Nuala O'Faolain (; 1 March 19409 May 2008) was an Irish journalist, TV producer, book reviewer, teacher and writer. She became well known after the publication of her memoirs Are You Somebody? and Almost There. She wrote a biography of Irish criminal Chicago May and two novels.

Personal life
O'Faolain was born in Clontarf, Dublin, the second eldest of nine children. Her father, known as 'TerryO' was a well-known Irish journalist, writing the "Dubliners Diary" social column under the pen name Terry O'Sullivan for the Dublin Evening Press. She was educated at University College Dublin, the University of Hull, and Oxford University. She taught for a time at Morley College, and worked as a television producer for the BBC and Raidió Teilifís Éireann.

O'Faolain described her early life as growing up in a Catholic country which in her view feared sexuality and forbade her even information about her body. In her writings she often discusses her frustration at the sexism and rigidity of roles in Catholic Ireland that expected her to marry and have children, neither of which she did.

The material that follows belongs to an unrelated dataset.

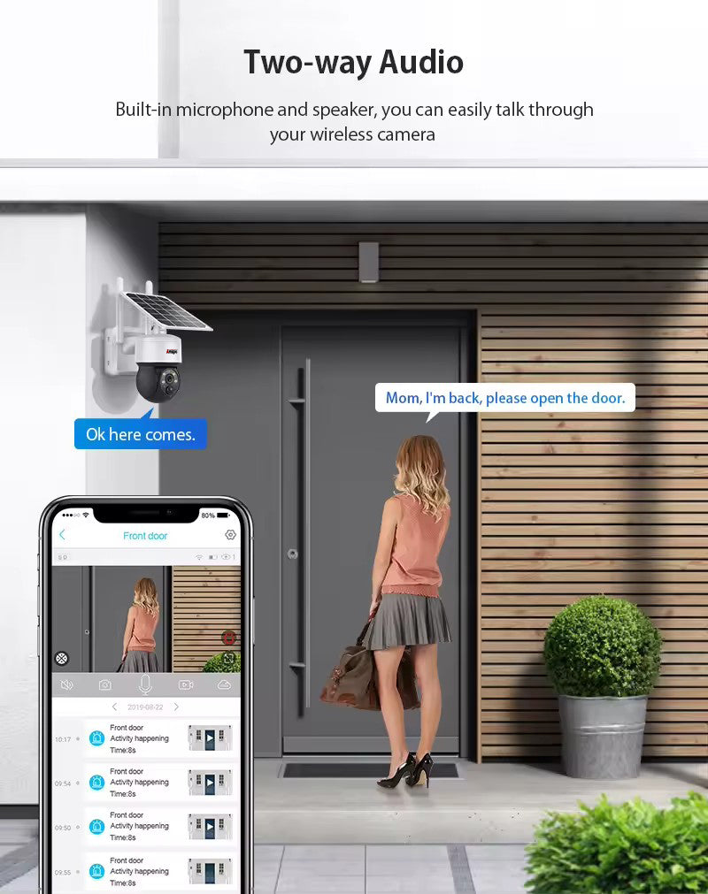 security camera built in rechargeable batteries, last for 6 months with solar charging.

O'Faolain was engaged at least once, but she never married.  In Are You Somebody?, she speaks candidly about her fifteen-year relationship with the journalist Nell McCafferty, who published her own memoir, Nell. From 2002 until her death, O'Faolain lived much of the time with Brooklyn-based attorney John Low-Beer and his daughter Anna.  They were registered as domestic partners in 2003.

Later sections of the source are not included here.